А во взгляде, если бы кто сумел его прочитать, было совсем другое: «Глядите, краса какая у меня на руках. Глядите на мою радость, на дочку мою, надежду мою».
Аня работала звеньевой по льну. И как работала — на весь район славилась… В хате достаток завелся, мебель городская, одежда новая и у нее, и у младших сестер и братьев.
Надюшке шел уже третий год, когда Аню вдруг послали в Москву на сельхозвыставку. Мать была довольна:
— Езжай, погляди хоть белый свет. Дальше района нигде же не была. А за дочкой разве некому будет приглядеть? У одной бабки не хватит времени, другая прибежит, понянчит. Без гостинца внучке никогда порога не переступит.
Зимой, когда пошла речь о выборах, еще одна новость пролетела над селом: Аню выдвинули в депутаты Верховного Совета республики.
Как раз в это же самое время отслужил и вернулся из армии Василь. Приехал домой франтом, черные усики отрастил (и так они ему к лицу были!). Поскрипывая новенькими хромовыми сапогами, на последнюю дырочку затягивал ремень, и, как раньше, блестели темные цыганские глаза.
Превозмогая и стыд и боль (хорошо, хоть вечером приехал в село; если б днем, хватило бы людям разговоров. Да и так хватит: миновал хату, где дочка почти три года без него росла, прямиком к себе), взяла Надюшку на руки и понесла на другой конец села, к отцу.
Девочке он вроде обрадовался, туфельки из чемодана вынул (значит, думал, помнил о ней), а поцеловать не поцеловал.
Надюшка дичилась, не понравились ей холодные руки и колючие усы, она рвалась к матери. А Василева мать, скрестив руки на груди, стояла у припечка и молча наблюдала за этой встречей.
После сдержанных приветствий — поздоровались за руку — Аня села на скамейку и, не зная, о чем речь вести, искала помощи у Надюшки:
— Ну чего ты удираешь, это ж твой отец приехал. Смотри, туфельки какие красивые привез. Давай ножки, наденем.

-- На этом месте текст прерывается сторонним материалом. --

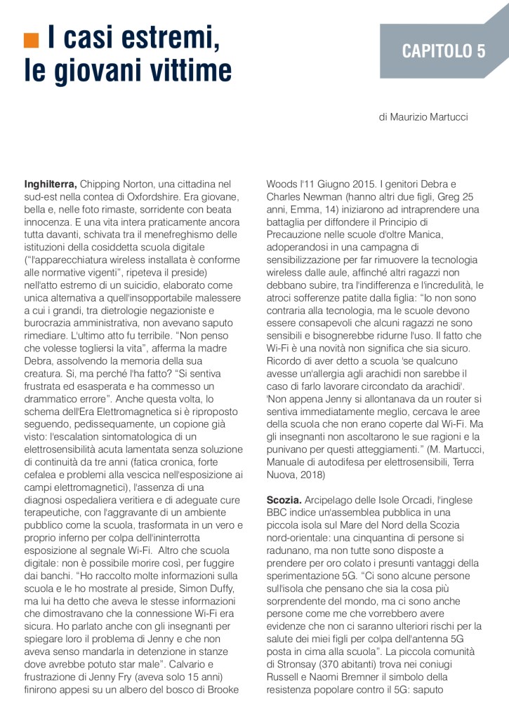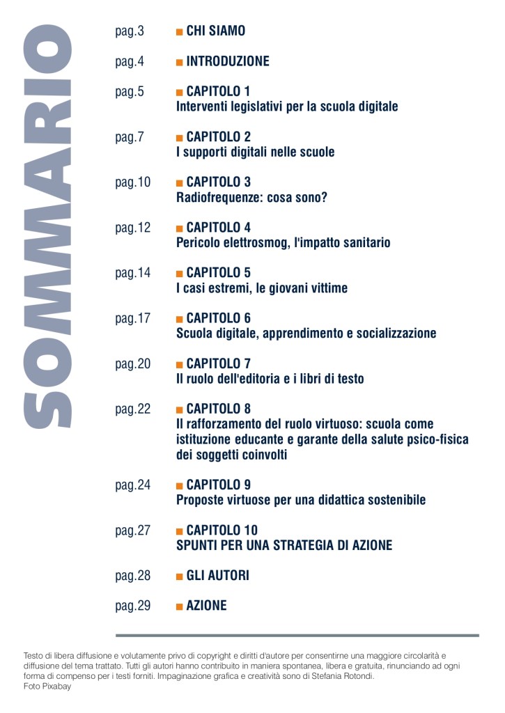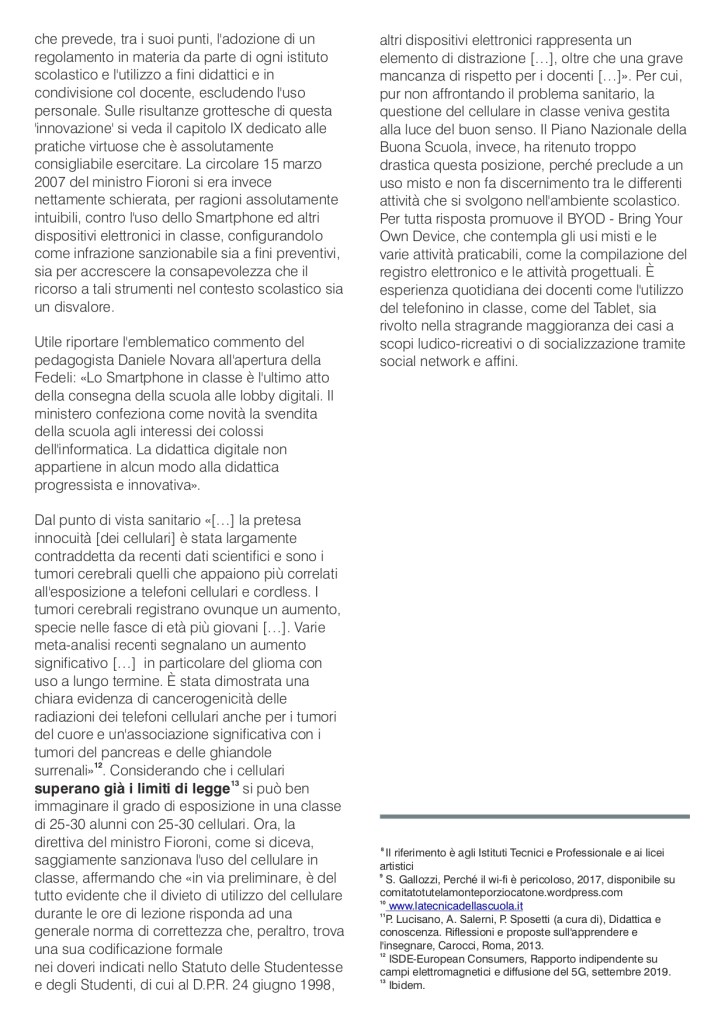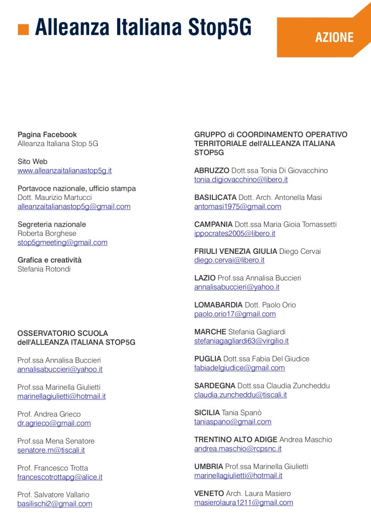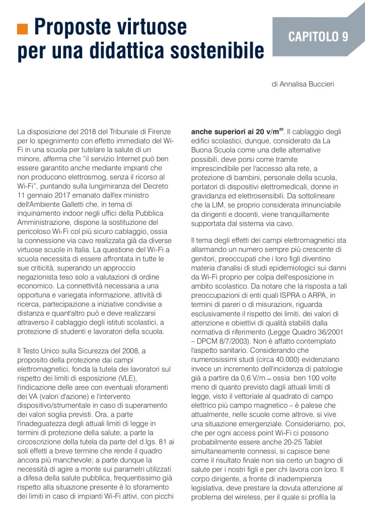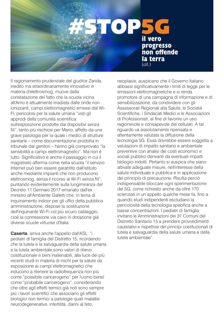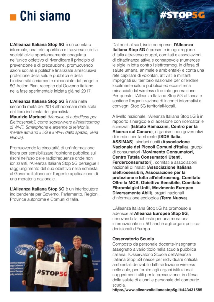 “Uno strumento di consapevolezza, di verità e di denuncia, da far circolare nelle scuole per accrescere il grado di coscienza sui gravi rischi invisibili”. Durante i lavori del convegno internazionale “Moratoria nazionale, 5G tra rischi per la salute e principio di precauzione” alla Camera dei Deputati , l’Osservatorio Scuola dell’Alleanza Italiana Stop 5G ha presentato “LA SCUOLA ELETTROMAGNETICA. Il pericolo invisibile tra i banchi, Wi-Fi, LIM, Byod e 5G“, un dossier di denuncia su insidie e pericoli della cosiddetta scuola digitale. Si tratta di un documento di 30 pagine, pensato per MIUR, dirigenti scolastici, insegnanti, alunni e loro famiglie, redatto col contributo di personale docente esperto di problematiche legate alla digitalizzazione dell’insegnamento nei pericolosi risvolti per la salute.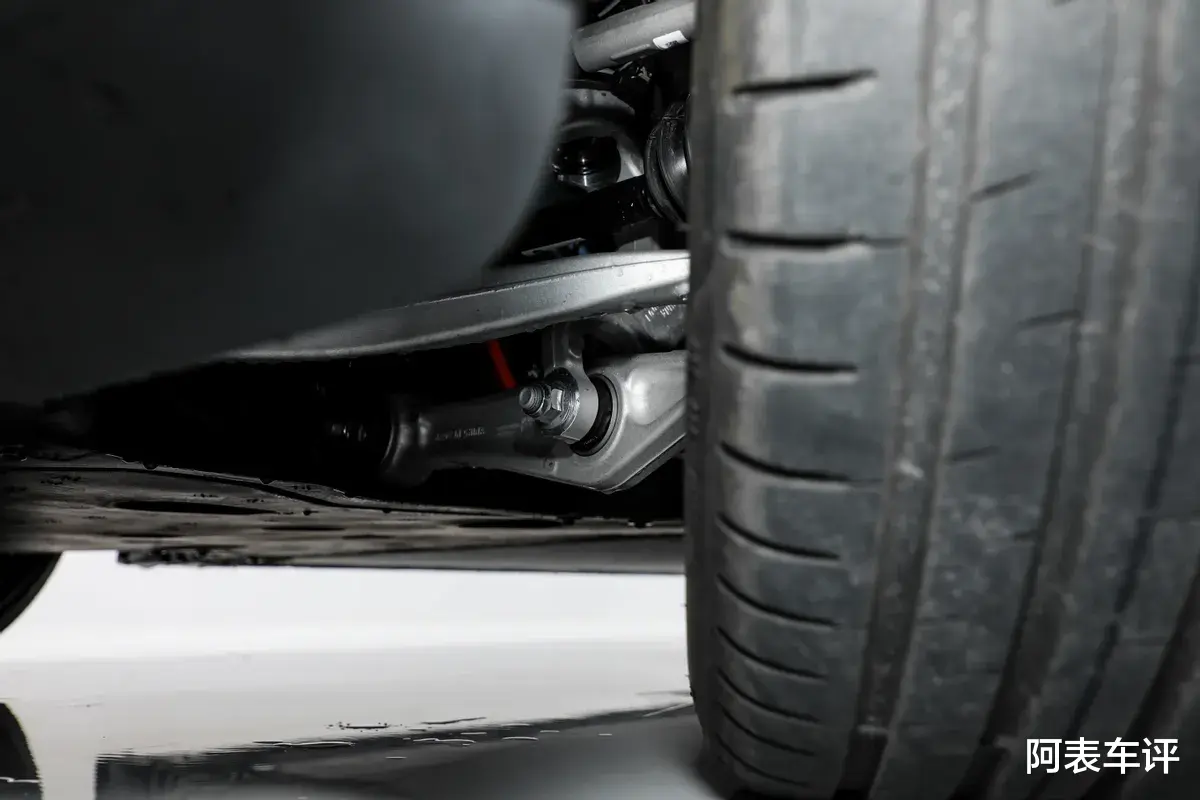 实用细节上,半隐藏式车外门把手新增机械解锁机构,应对断电、故障等极端场景更安心;后轮宽度从245毫米提升至265毫米,配合全系标配的前四活塞固定式制动卡钳,100-0km/h制动距离达33.3米,抓地力与制动稳定性显著提升,日常变道、紧急制动的操控安全感更足。

— Не хочу туфельки, — не польстилась на подарок неподкупная Надюшка, волчонком поглядывая на того, кого мать назвала отцом.
— Вижу я, не можете вы как люди поговорить. Дак я начну, — вступила наконец в беседу мать Василя. — Решайте сразу же все: жить дак жить, а людей не смешить. Я тебе вот что скажу, сынок мой милый! Видишь, как на тебя косится дочка, хоть и гостинец догадался за три года привезти. Дак вот вам мой сказ: соберите людей, поставьте угощение, как и должно быть, и живите, где вам полюбится. У меня хата — как сарай, и у Ани тоже места всем хватит.
— Ты что это, мать, так круто забираешь? Не успел сын порог переступить, как уже: созывай людей, ставь на стол, пои, угощай. Да меня самого еще никто не приглашал, не кормил, не поил.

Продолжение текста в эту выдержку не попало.